Court rules law firm's suit against Chuck Yeager, wife does not meet anti-SLAPP criteria

By Charmaine Little | May 29, 2018

SACRAMENTO, Calif. (Legal Newsline) – A law firm and lawyers who briefly represented a record-setting test pilot and his wife were denied motion to strike a suit on anti-strategic lawsuit against public participation (SLAPP) grounds, according to a May 16 opinion in the court of appeal of the 3rd Appellate District of California.

Peter Holt, Holt Law Firm and Bethany Holt (collectively, Holt) submitted an appeal from a judgment that denied their special motion to strike after they were sued by former clients Charles E. and Victoria Yeager. Charles Yeager, better known as Chuck, is the "decorated World War II combat ace and Cold War test pilot," the court notes.

According to the opinion, the defendants were first plaintiffs when they filed a lawsuit against Victoria Yeager to receive fees. Yeager responded with a lawsuit against Holt, claiming allegations such as negligence and misappropriation of name. Holt subsequently responded and filed a motion to strike.

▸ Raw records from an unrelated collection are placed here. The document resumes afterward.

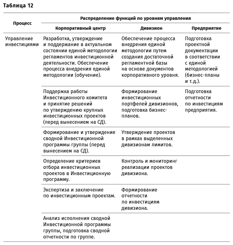 А вот распределение полномочий и ответственности по уровням управления в инвестиционном процессе (табл. 12).
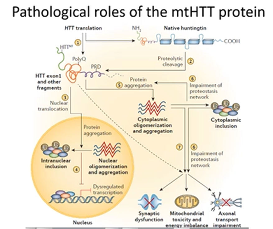 Normal huntingtin protein will go through normal physiological expression and proteostatsis —> when the protein is not needed to it will be degraded
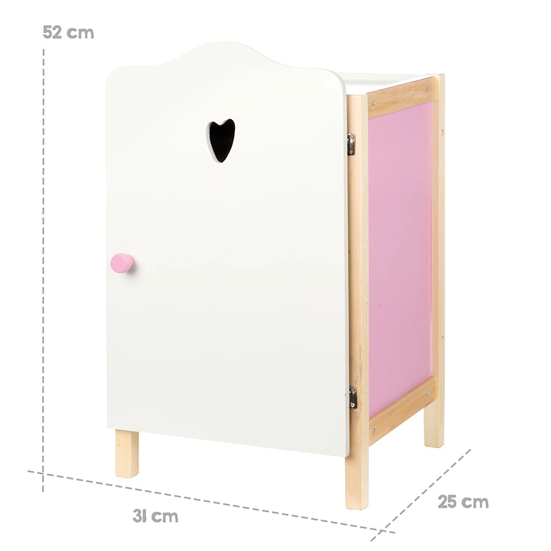 Кукольный шкаф Roba Scarlett имеет красивую белую лакированную дверцу с сердечком. Гардеробная включает штангу для кукольной одежды и полку для аксессуаров для кукол.
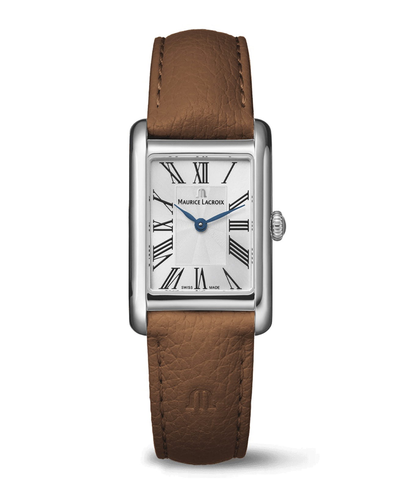 Женские кварцевые часы Maurice Lacroix FIABA — это изысканный аксессуар, вдохновлённый сказками и создающий образ элегантной современной женщины. Модель выполнена в прямоугольной форме из нержавеющей стали с размерами 24x34 мм и толщиной 6,5 мм, что делает её утончённой и лаконичной. Циферблат серебристого цвета дополнен центральным рисунком «флинже» (flinqué), придающим ему глубину и роскошь. Римские цифры черного цвета и стрелки синего оттенка подчёркивают изысканность дизайна. Защиту механизма обеспечивает сапфировое стеклоСапфировое стеклоПрочный и надёжный материал из кристалла сапфира синтетического происхождения, характеризующийся особой твёрдостью и устойчивостью к царапинам и повреждениям. с двусторонним антибликовым покрытиемАнтибликовое покрытиеСлой оксида металла в 0,13-0,3 микрон, благодаря которому стекло часов не бликует и не отражает свет. Антибликовое покрытие уменьшает отражение света в 10 раз, обеспечивая отличную читаемость показателей циферблата., устойчивым к повреждениям. Часы оснащены кварцевым механизмом, обеспечивающим точную работу и минимальное обслуживание. Браслет из коричневой кожи шириной 18 мм оснащён стандартной застёжкой из нержавеющей стали, обеспечивающей комфорт и надёжную фиксацию на запястье. Система быстрой замены ремешка позволяет легко менять его по желанию. Водонепроницаемость позволяет использовать модель при мытье рук или под лёгким дождём. Гарантия 2 года подтверждает качество и долговечность изделия. Эти часы станут универсальным аксессуаром для тех, кто ценит сочетание стиля, функциональности и швейцарского мастерства — идеальный выбор для вечерних выходов и торжественных случаев.

The appeals court agreed with the Sacramento County Superior Court's decision that “this suit does not chill protected expressive conduct or free speech on an issue of public interest,” according to the opinion.

According to the opinion, the requirements of anti-SLAPP motions are: whether the petitioner has proved the action involves protected speech or conduct, and if so, the court then determines if the opposer fulfills requirements such as probability of prevailing. The appeals court determined Holt didn’t meet the first requirement.

While the appeals court determined the evidence Holt submitted "may show legal and factual infirmities," it’s not enough to protect their anti-SLAPP motion, especially because Victoria Yeager claimed a number of Holt’s allegedly improper actions occurred after the Holt v. Yeager trial already happened.

The appeals court also stated it’s possible Yeager didn’t argue his malpractice and overbilling claims the right way as he might have had a better outcome had he requested mandatory fee arbitration.

The appeals court affirmed the lower court’s decision. It also determined Holt needs to pay the Yeagers' costs they accrued to file the appeal.